== Task to carry out ==
From the material below, return exactly the lines starting at the one that holds "Indianvibez Alphabet E" and ending at the one that holds "KOTA CIREBON, SC- DPRD". Pictures stay out of the answer.

== Data records ==
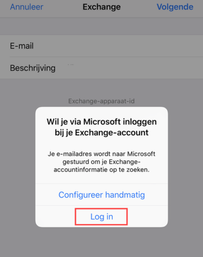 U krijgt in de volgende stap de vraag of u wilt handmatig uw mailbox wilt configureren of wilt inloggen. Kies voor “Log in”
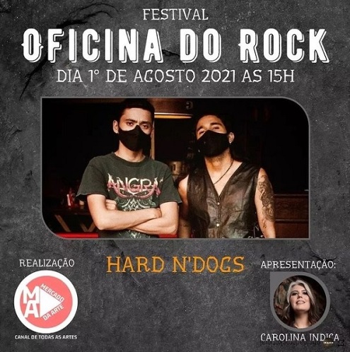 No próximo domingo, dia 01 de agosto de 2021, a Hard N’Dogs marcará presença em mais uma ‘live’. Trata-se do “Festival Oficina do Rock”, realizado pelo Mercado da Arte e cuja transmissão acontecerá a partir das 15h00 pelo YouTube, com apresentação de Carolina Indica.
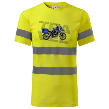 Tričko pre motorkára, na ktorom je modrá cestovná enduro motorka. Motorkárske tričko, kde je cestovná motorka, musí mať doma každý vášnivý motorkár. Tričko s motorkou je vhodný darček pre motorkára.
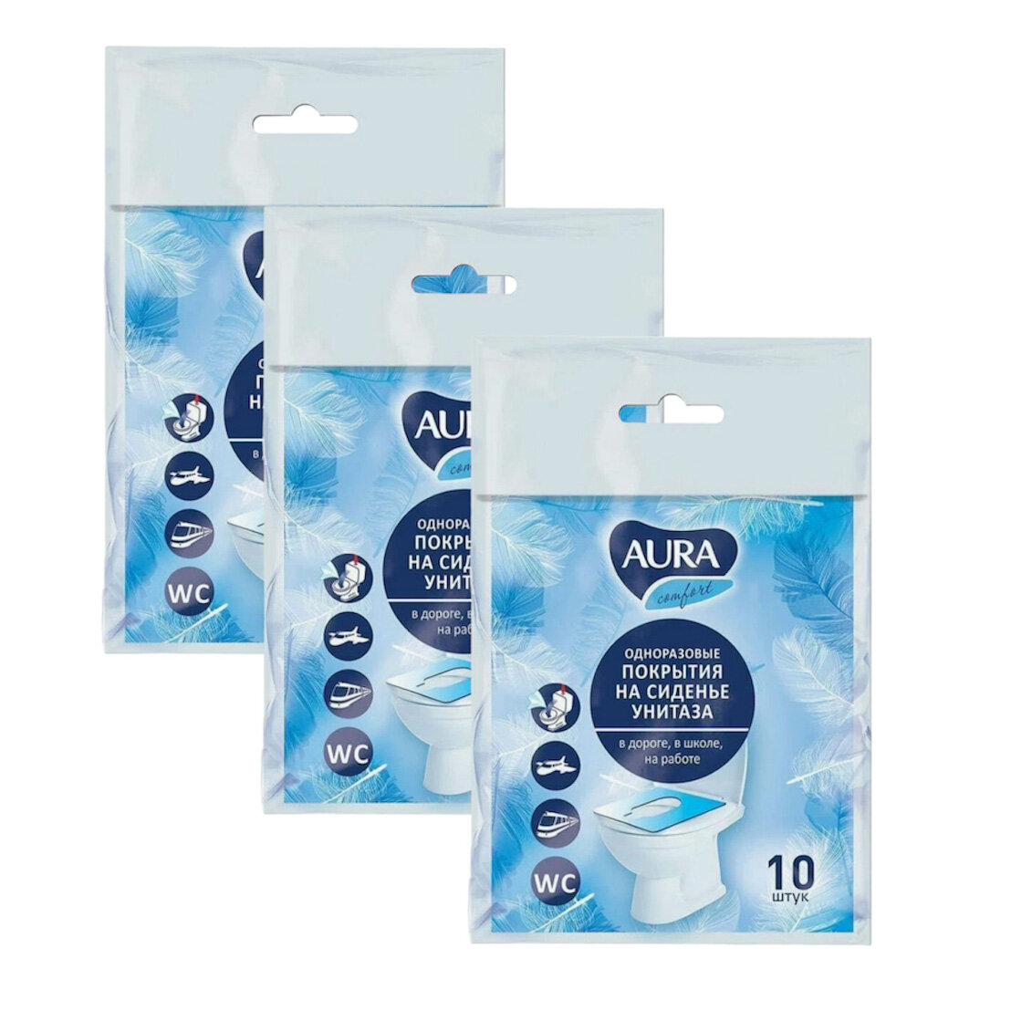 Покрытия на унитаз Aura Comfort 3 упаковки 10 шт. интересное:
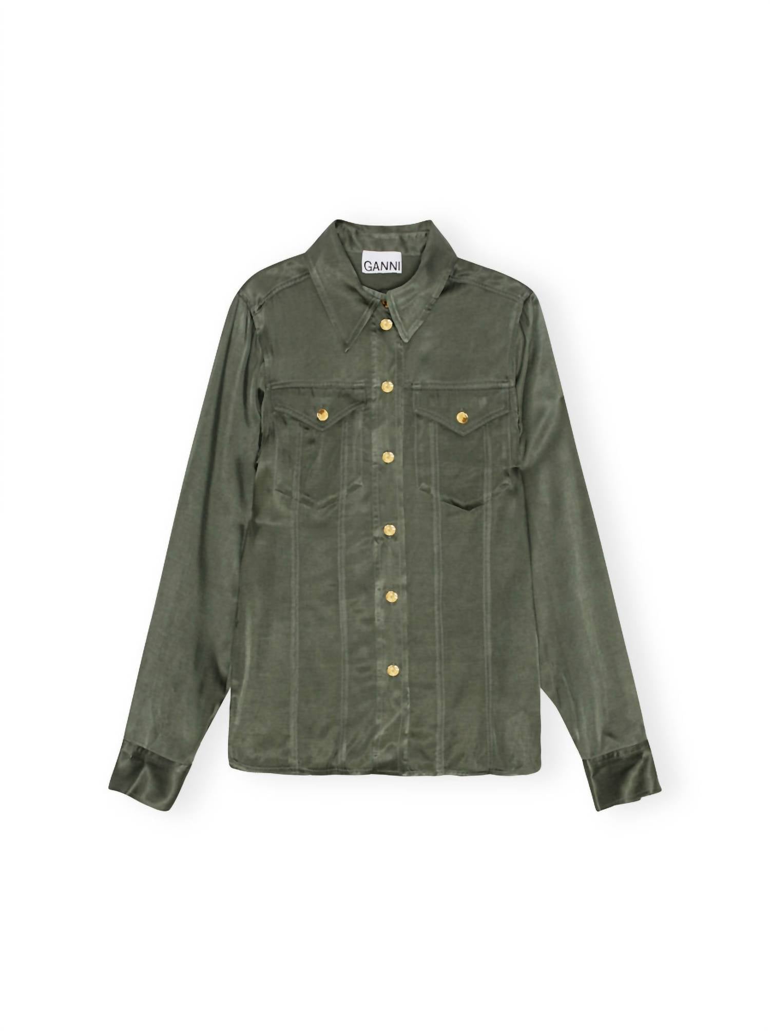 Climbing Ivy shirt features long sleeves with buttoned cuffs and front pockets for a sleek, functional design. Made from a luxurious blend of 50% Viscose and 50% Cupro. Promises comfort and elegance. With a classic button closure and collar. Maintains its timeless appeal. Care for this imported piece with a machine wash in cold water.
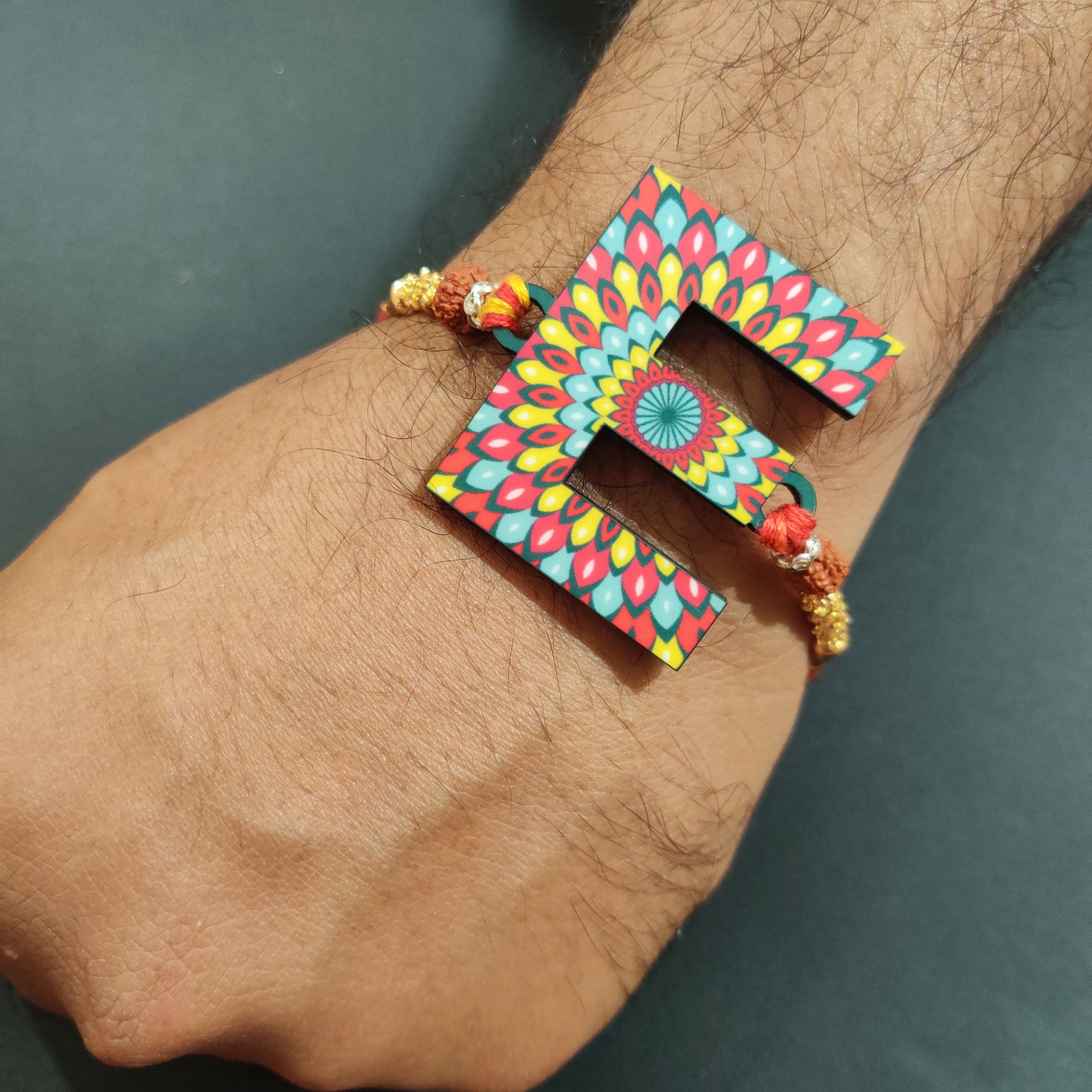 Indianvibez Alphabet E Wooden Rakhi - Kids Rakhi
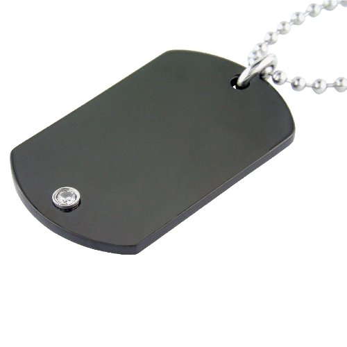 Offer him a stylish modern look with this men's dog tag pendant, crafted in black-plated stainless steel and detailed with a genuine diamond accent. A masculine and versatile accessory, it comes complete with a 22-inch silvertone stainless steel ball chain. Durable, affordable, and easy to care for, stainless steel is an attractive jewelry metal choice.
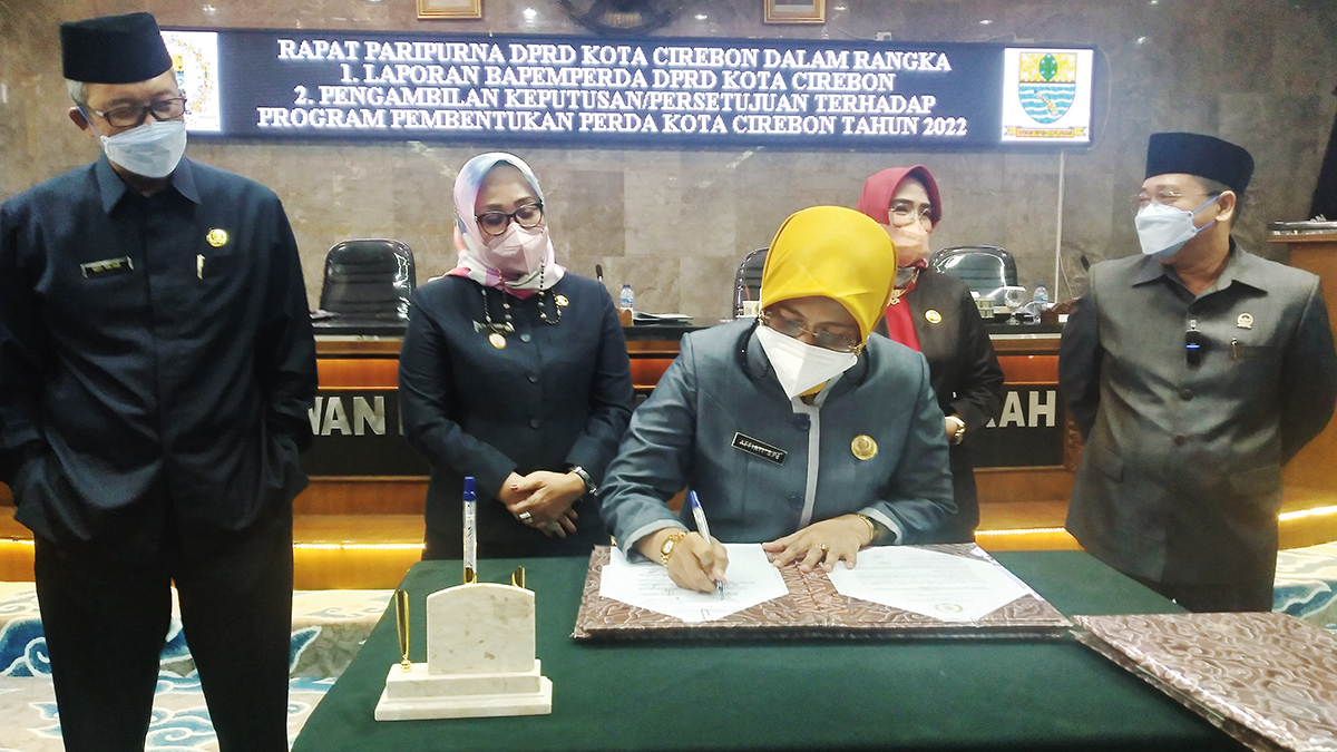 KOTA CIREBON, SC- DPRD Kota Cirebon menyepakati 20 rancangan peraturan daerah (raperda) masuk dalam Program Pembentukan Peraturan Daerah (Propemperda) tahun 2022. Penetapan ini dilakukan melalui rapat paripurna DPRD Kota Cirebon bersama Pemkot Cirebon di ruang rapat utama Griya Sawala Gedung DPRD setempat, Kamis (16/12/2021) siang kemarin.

* * *

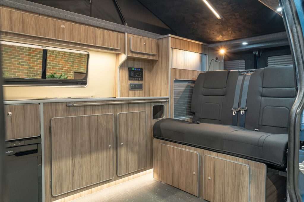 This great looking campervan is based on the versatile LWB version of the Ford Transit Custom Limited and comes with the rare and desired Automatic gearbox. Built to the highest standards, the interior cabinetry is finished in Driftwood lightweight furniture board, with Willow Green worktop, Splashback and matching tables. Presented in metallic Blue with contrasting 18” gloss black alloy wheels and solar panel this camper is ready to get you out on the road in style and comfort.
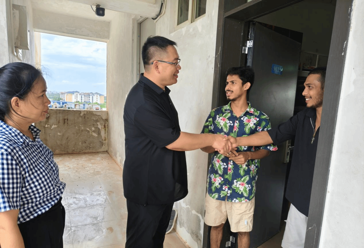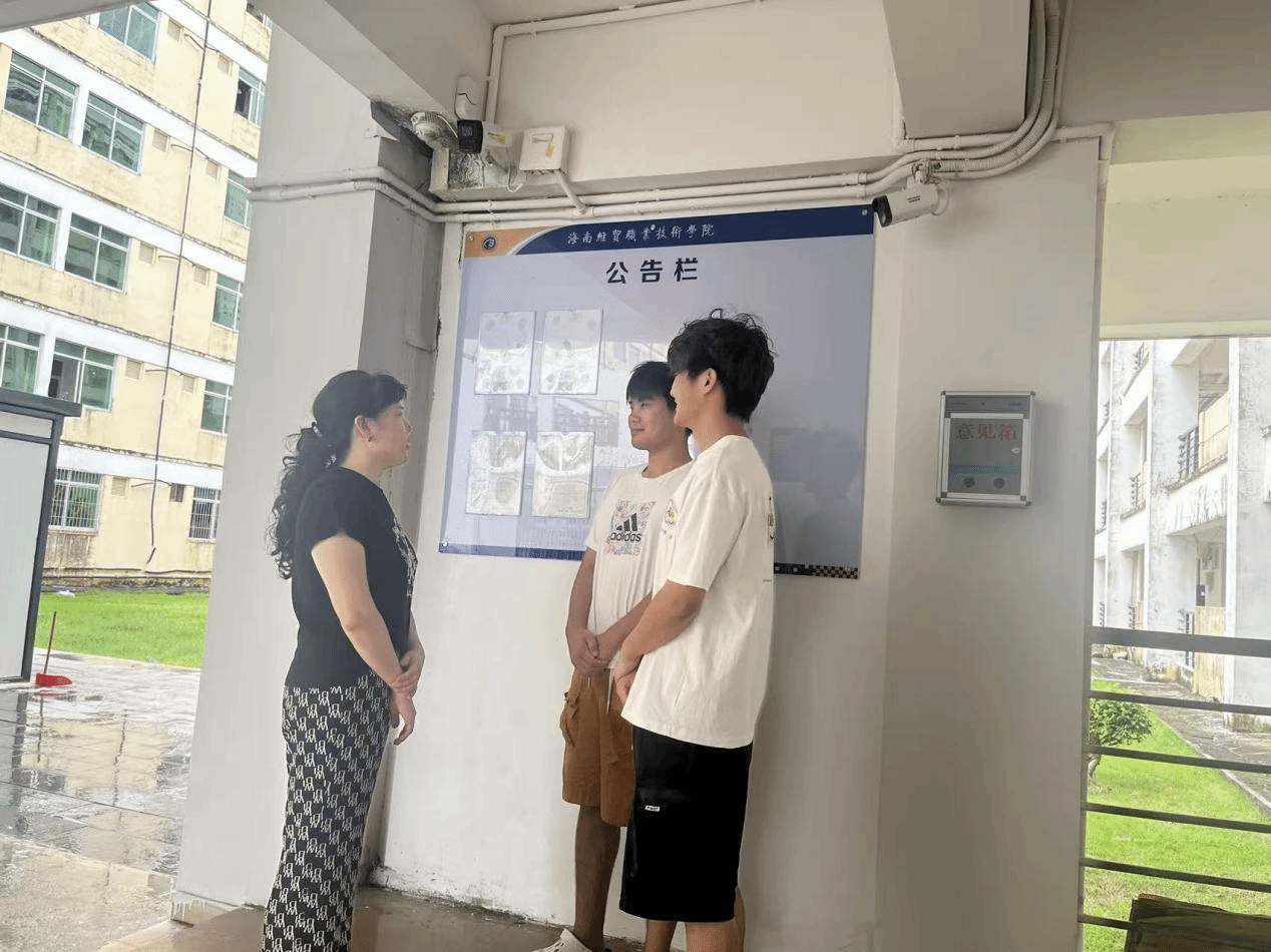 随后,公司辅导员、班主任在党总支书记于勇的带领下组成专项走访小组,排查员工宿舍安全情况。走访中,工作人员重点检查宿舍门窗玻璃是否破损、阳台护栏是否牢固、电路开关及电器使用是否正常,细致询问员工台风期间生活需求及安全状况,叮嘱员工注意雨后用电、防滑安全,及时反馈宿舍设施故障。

* * *

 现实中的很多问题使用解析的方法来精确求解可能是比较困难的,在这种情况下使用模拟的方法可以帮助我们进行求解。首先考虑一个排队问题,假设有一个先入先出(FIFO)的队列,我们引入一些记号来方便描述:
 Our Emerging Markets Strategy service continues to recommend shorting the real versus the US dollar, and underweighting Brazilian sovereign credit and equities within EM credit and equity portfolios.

== Answer space ==
 Indianvibez Alphabet E Wooden Rakhi - Kids Rakhi
 Offer him a stylish modern look with this men's dog tag pendant, crafted in black-plated stainless steel and detailed with a genuine diamond accent. A masculine and versatile accessory, it comes complete with a 22-inch silvertone stainless steel ball chain. Durable, affordable, and easy to care for, stainless steel is an attractive jewelry metal choice.
 KOTA CIREBON, SC- DPRD Kota Cirebon menyepakati 20 rancangan peraturan daerah (raperda) masuk dalam Program Pembentukan Peraturan Daerah (Propemperda) tahun 2022. Penetapan ini dilakukan melalui rapat paripurna DPRD Kota Cirebon bersama Pemkot Cirebon di ruang rapat utama Griya Sawala Gedung DPRD setempat, Kamis (16/12/2021) siang kemarin.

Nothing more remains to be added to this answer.